As a contractor, I come across a lot of other people’s projects and may I just say, there’s a lot of crap out there. And I mean that. Not just “Oh, this developer could have done better here and there”, but more alone the lines of “Sorry, I can’t work with this. Your best option is to rewrite the whole damn thing.” To be clear, I’m not necessarily talking about a person’s coding skills. Certainly, I’ve come across some questionable code and downright stupid approaches to solving problems, but this is not what I’m talking about. I’m talking about a complete lack of any kind of architecture to the codebase. Too often I come across projects that seem to be trying to typify the “anti-design pattern”, usually by stuffing quite literally everything into the View Controllers.

So I want to explain here why Software Architecture is important and, if you’re a developer, why you should be learning it or, if you’re a client, why you want it in your project.

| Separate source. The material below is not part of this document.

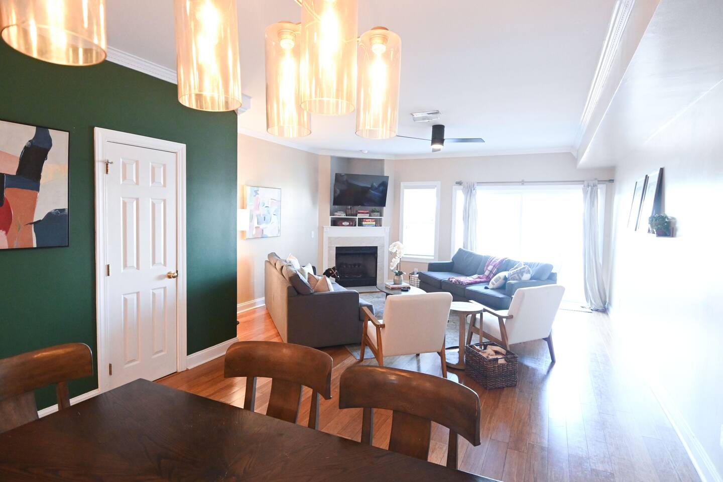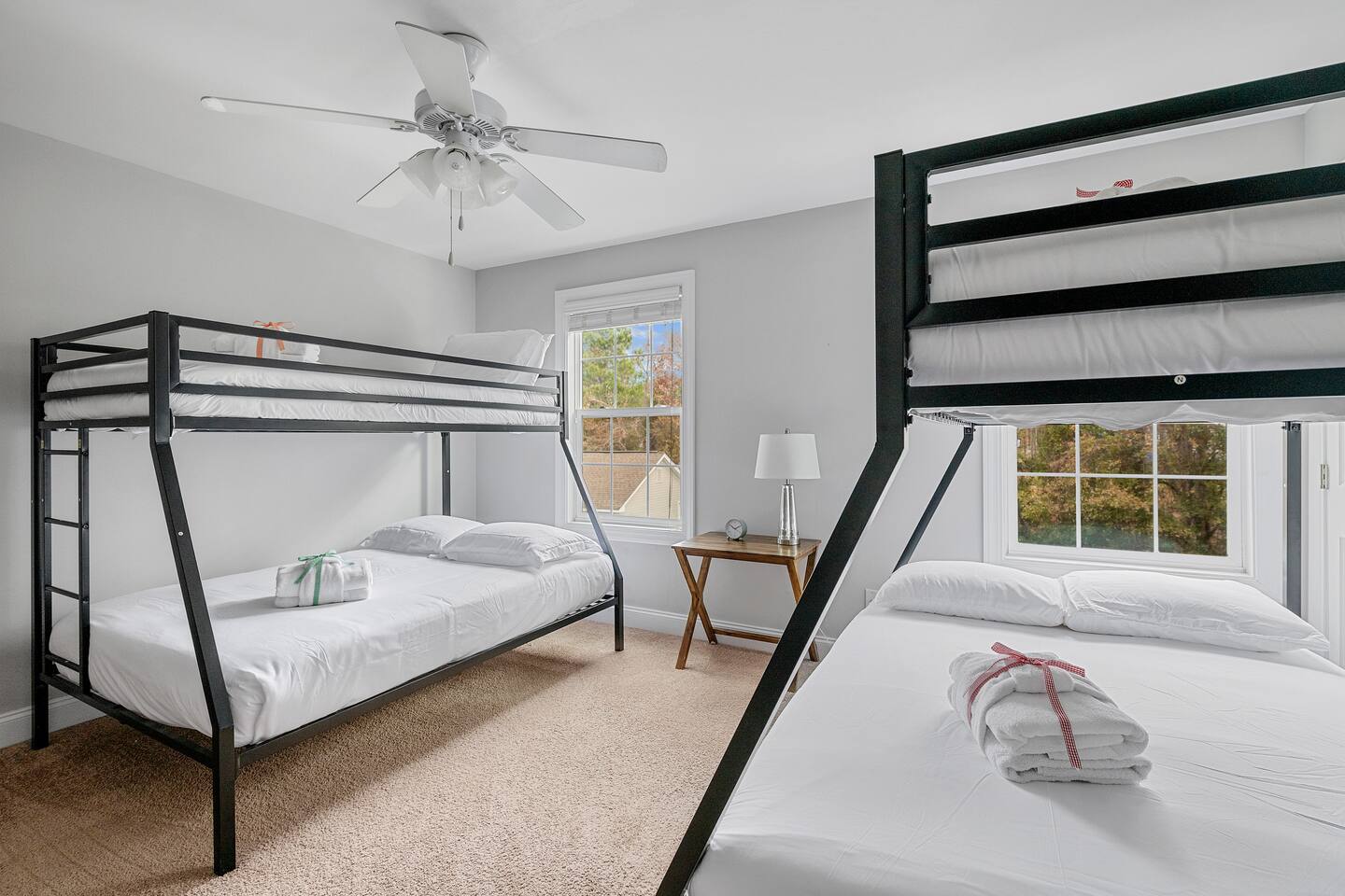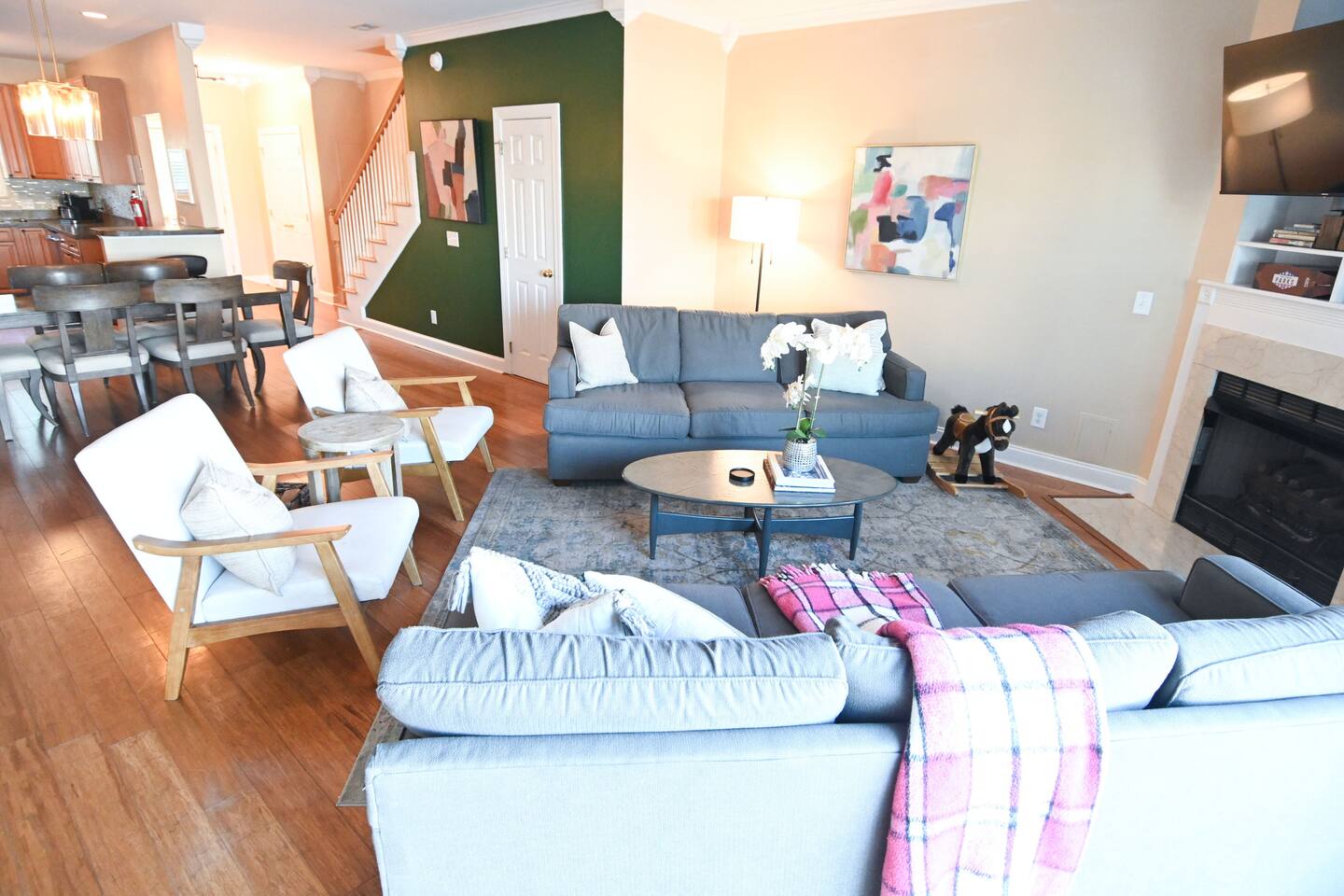 Welcome to 2 Lowcountry Lakehouse, your home away from home on Lake Palmetto! City of North Charleston STR Permit #: 2025-0399 Whether you are coming for work or play, your family will be close to everything here! Located in the heart of the Charleston metro area, a quick hop on I-26 will take you to downtown/Mt. Pleasant/area beaches within 10-20 minutes. Park Circle recreation and restaurants are within a 5-10 minute drive, and N. Charleston attractions such as the Performing Arts Center and Tanger Outlets (in addition to numerous other restaurants and shops) are within a 5-15 minute walk! Our home is spacious and airy. You'll enjoy connection with your group as you move throughout the open concept and full-sized, well-equipped kitchen, dining, living, and deck areas. There is a convenient powder room on the first floor, adjacent to these common areas. Our home sits on the lake, so you can swim or cast a line directly from our dock--and, we offer 2 kayaks for your use! We strive to provide a cozy space that will facilitate connection with your group and meet the needs of even our youngest guests! On the second floor, you'll find two bedrooms, two bathrooms--all with great views--and a laundry area. On the third floor, you will find one large bedroom, one bathroom, and a lovely second seating area with a separate door--offering an additional space for work, play, or sleep! Features: - Bedroom #1: King Bed with en suite bathroom - Bedroom #2: Two Twin over Full Bunk Beds with en suite bathroom - Bedroom #3: Two Queen Beds with en suite bathroom -Bedroom #4: Sofa/ another option for a travel crib - Living Room: Sofas, Modern Accent Chairs + TV - Washer and Dryer - Grand outdoor porch with seating overlooking the lake, plus a dock and two kayaks. -Full Kitchen -Dining area -Parking: 2 spots for vehicles in front of each house with extra parking close by. Note: City quiet hours are from 10pm to 8am. Whether you are here for work or play, we look forward to providing you an excellent home-base for your stay in Charleston! City of North Charleston STR Permit #: 2025-0399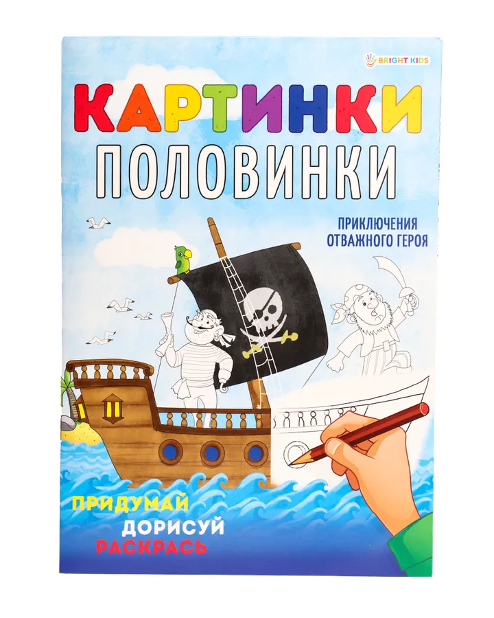 Раскраска Bright Kids Картинки-половинки Приключения отважного героя А4 8 листов

So let’s start with the assumption that software is complex. I don’t think anyone with any kind of reasonable awareness of software development would deny this. Truly, I’ve heard arguments that software development is the most complex undertaking humanity has ever done. Whether that’s true or not, I do think that most non-developers don’t actually realize how complex software actually is. And honestly, I think quite a few developers may not realize this either. The problem isn’t so much that any can’t look at a bunch of lines of software and fail to understand that this gibberish they’re looking at is complex. It’s that there seems to be a lack of awareness of the combinatorial increase in complexity inherent in interdependent parts of a system. More importantly, there is a lack of awareness (especially on part of the clients) that in an interdependent system as a whole will naturally become more unstable and failable as you increase the system’s complexity.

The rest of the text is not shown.